Lessons To Carry into a Post-Pandemic Sex Life

By Sari Cooper, Certified Sex Therapist, 

Director Center for Love and Sex, and Founder Sex Esteem® 

Courier columnist Sari Cooper is an AASECT Certified Sex Therapist and Director of The Center for Love and Sex, a boutique sex coaching and sex therapy practice. Sari is also the founder of Sex Esteem®, which produces entertaining private curated “sex-edification” events and talks for couples, parents, schools, campuses, and organizations on a diverse array of sexuality topics. With over 25 years of experience, she is a sought-after media guest expert and writer on the topic of relationships, monogamy, and eroticism.

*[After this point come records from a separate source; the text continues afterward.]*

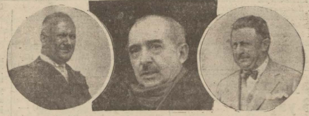
B. Recep Peker, Başbakan İsmet İnönü, B. Şükrü Kaya

Başbakan İnönü, Fırka genel kâtibi B. Peker ve iç işler bakanı geliyorlar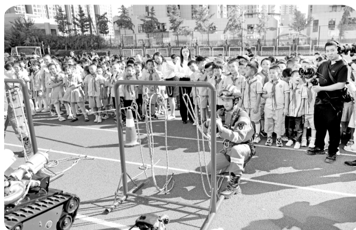
消防员为师生们送上消防“大餐”

此次活动共发出宣传彩页270余份,街道辖区共建37处垃圾分类收集点,为各村(社区)配备分类垃圾回收处,指导群众常态化进行垃圾分类,号召大家从“身边”开始,“点滴”做起,从“细节”落实环境保护意识,让垃圾分类观念融入日常生活,让“绿色、低碳、环保”理念深入人心,形成人人争做垃圾分类践行者的浓厚氛围,推动垃圾分类“新时尚”成为“好习惯”。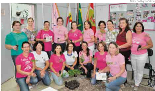
Mudas de moringa, doadas na sede da Rede Feminina de Combate ao Câncer

no combate à fome pelo planeta. “Depois de uma pesquisa, constatamos centenas de benefícios da árvore e queremos que todos compartilhem disso. Ela é chamada de árvore mágica pelos botânicos e conseguimos as mudas para Maravilha”, destacam os integrantes.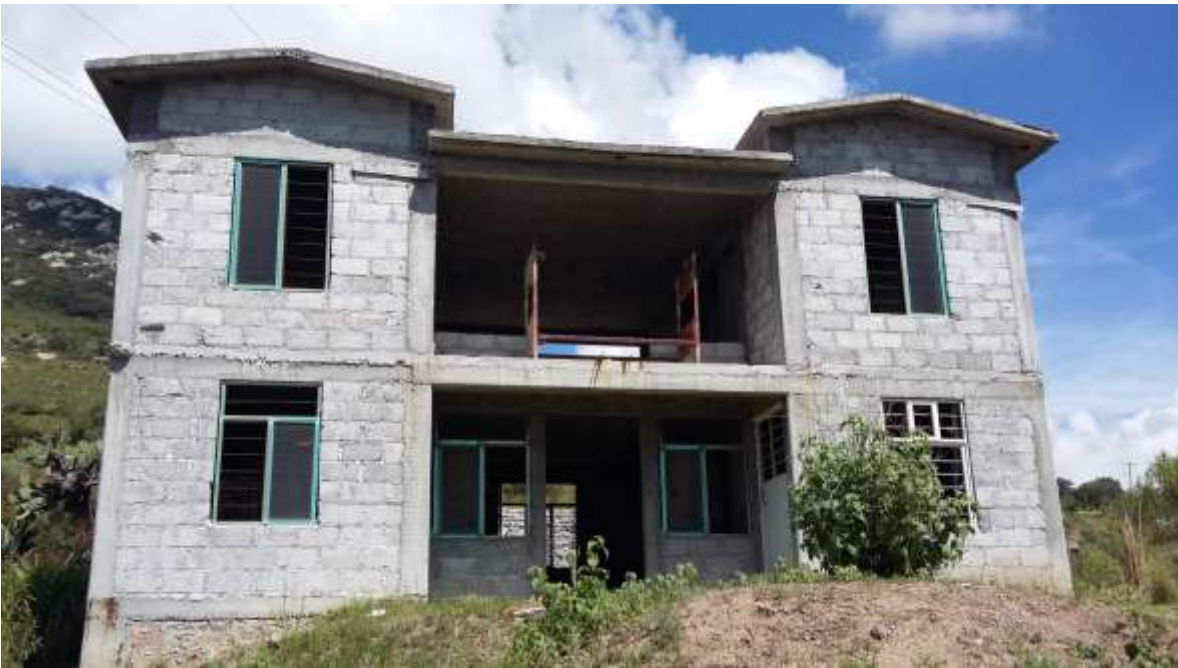
Vivienda en proceso constructivo, Santuario Mapethé.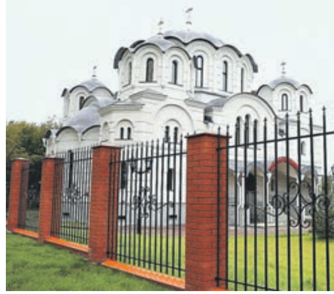
17 сентября 2017 года. Новый храм стал украшением района Некрасовка

В Москве продолжается активное строительство храмов и церквей, входящих в «Программу-200». Недавно первый храм по этой программе был построен в столичном районе Некрасовка. Сейчас он готовится к освящению и скоро примет первых прихожан.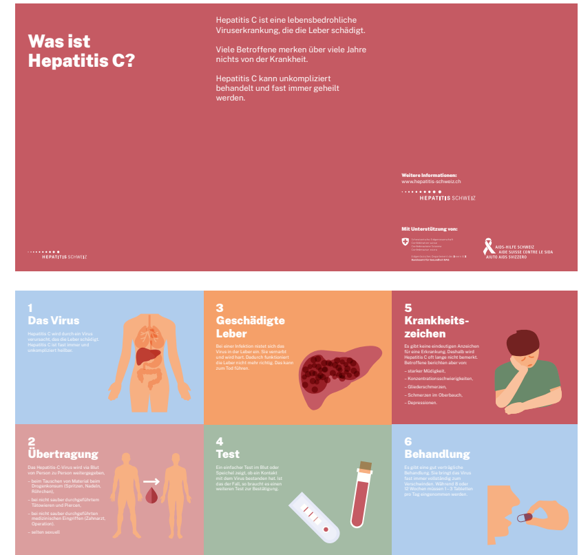
Abb.: SHiPP-Faltblatt «Was ist Hepatitis C?»

Mit dem Bericht der Schlussevaluation des Programms und der Projekte, den «Schlussfolgerungen SHiPP –Swiss HepFree in Prisons Programme: Gute Praxis entlang des Behandlungspfades», sowie dem Abschlussbericht zuhanden des Bundesamtes für Gesundheit BAG, wurden Ende Jahr mehrere Meilensteine des Programms erreicht. All diese Dokumente nehmen auf die ersten zehn SHiPP-Projekte Bezug und werden um die Erkenntnisse der zusätzlichen Projekte im Jahr 2025 erweitert werden.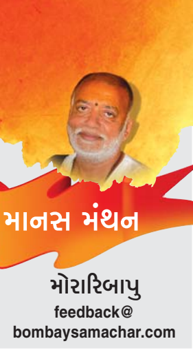
મનોરિભાવ feedback@ bombaysamachar.com

બંદઉ નામ રામ રઘુવર કો, હેતુ ક્રિસાનુ ભાનુ હિમકર કો, બિધિ હરિ હરમય બેદ પ્રાન સો, અગુન અનુપમ ગુન નિધાન સો. રઘુવરના અનેક નામ છે: એને કોઈ રાઘવ કહે, કોઈ રાઘવેન્દ્ર કહે, તુલસીજી કહે એ નામોને મારા પ્રણામ છે. પણ જે પ્રભા, વિષ્ણુ અને મહેશમય છે, વેદનો જે પ્રાણ છે, ઓમકાર સ્વરૂપ છે... એ રામતત્ત્વ- એ રામનામની વંદના કરતાં ગોસ્વામીજીએ નામ મહિમાનું મોટું પ્રકરણ લખ્યું છે. તુલસીજીએ એમ કહ્યું કે સત્યયુગમાં માણસ ધ્યાનથી પરમાત્માને જલદી પામતો હતો, ત્રૈતાયુગમાં એ જ ઈશ્વરને પામવા માટે યજ્ઞને પ્રધાન સાધન બતાવવામાં આવ્યું કે યજ્ઞ દ્વારા પામી શકાય. દ્વાપરમાં પૂજન-અર્ચનને પ્રધાનતા આપી કે પરમાત્માની પ્રાપ્તિ પૂજન-અર્ચનથી સુલભ. પણ કળિયુગમાં તો ગોસ્વામીજી કહે કે વેળ નામ આધાર છે. કળિયુગમાં કેટલા માણસો ધ્યાન કરી શકે ? હં...! મને લોકો મળતા હોય છે. એક ભાઈ મને કહે હું રાતના એક વાગે ધ્યાનમાં બેસું છું ને ત્રણ વાગે ઊભો થઈ છું. મને બહુ નવાઈ લાગી ! એક વાગે શરૂ થાય અને ત્રણ વાગે પૂરું થાય એ સમયની ખબર ધ્યાનમાં કેવી રીતે રહેતી હશે? ધ્યાન તો કાંતિ છે. ધ્યાનમાં કંઈ સમય હોઈ શકે કે તે આટલા વાગે શરૂ થાય અને આટલા વાગે પૂરું થાય? ધ્યાન જે કરી શકે, એમાં આગળ વધી શકે એ બધાને વંદન છે. રામનામ જપતાં જપતાં ક્યારેક ધ્યાન લાગી જશે ત્યારે આંખમાંથી આંસુમાં વહેશે. ઈસ લિએ નામ જપો. સામાન્ય માણસ માટે કળિયુગનું પ્રધાન સાધન હરિનામ આશ્રય, પરમાત્માનું નામ જ છે. કળિયુગમાં કેવળ રામનામ જ પ્રધાનતા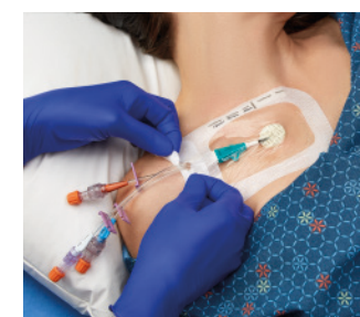
VAD1689-INT 10,2 x 15,5 cm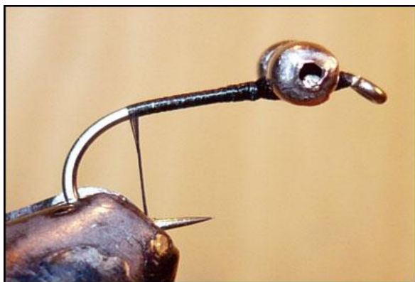
Etape 3 : amener le fil de montage à la courbure.

As a certified sex and couples’ therapist who guided many couples and singles through this period, I can tell you what hurtles might await partners when issues that have remained stagnant during what I call “COVID time” resurface. As in any crisis, some of my coupled clients’ disagreements were put on hold in order to meet the day-to-day demands of work, children doing virtual schooling, older relatives in need or battling illness, in addition to intrafamilial conflicts around politics. Conflicts erupted due to the stress around potential COVID-19 exposure and contagion, financial strain due to job loss, lack of alignment around priorities and less sexual activity. Many couples were grateful to have family support, food, shelter, and access to technology that connected them to their loved ones as they weathered the lockdown quarantines in their community.  

According to preliminary survey results conducted by The Kinsey Institute of 1,117 30–50-year-old married individuals (both heterosexual and same-sex marriages), 74% of participants agreed the pandemic strengthened their marriage and 82% agreed it made them feel more committed to their marriage. A small percentage (17%) of women reported a decrease in emotional and sexual satisfaction in their relationships, while only 11% reported an increase in their emotional satisfaction and 9% reported an increase in sexual satisfaction. However, given the gendered disparity carried by heterosexual women who did more childcare and housework and who lost or left jobs due to lack of support for their children and on Black and Hispanic families who suffered more loss of lives due to COVID and to police violence, we have to focus on how we are going to take some lessons from these unprecedented times and strengthen our relationships. 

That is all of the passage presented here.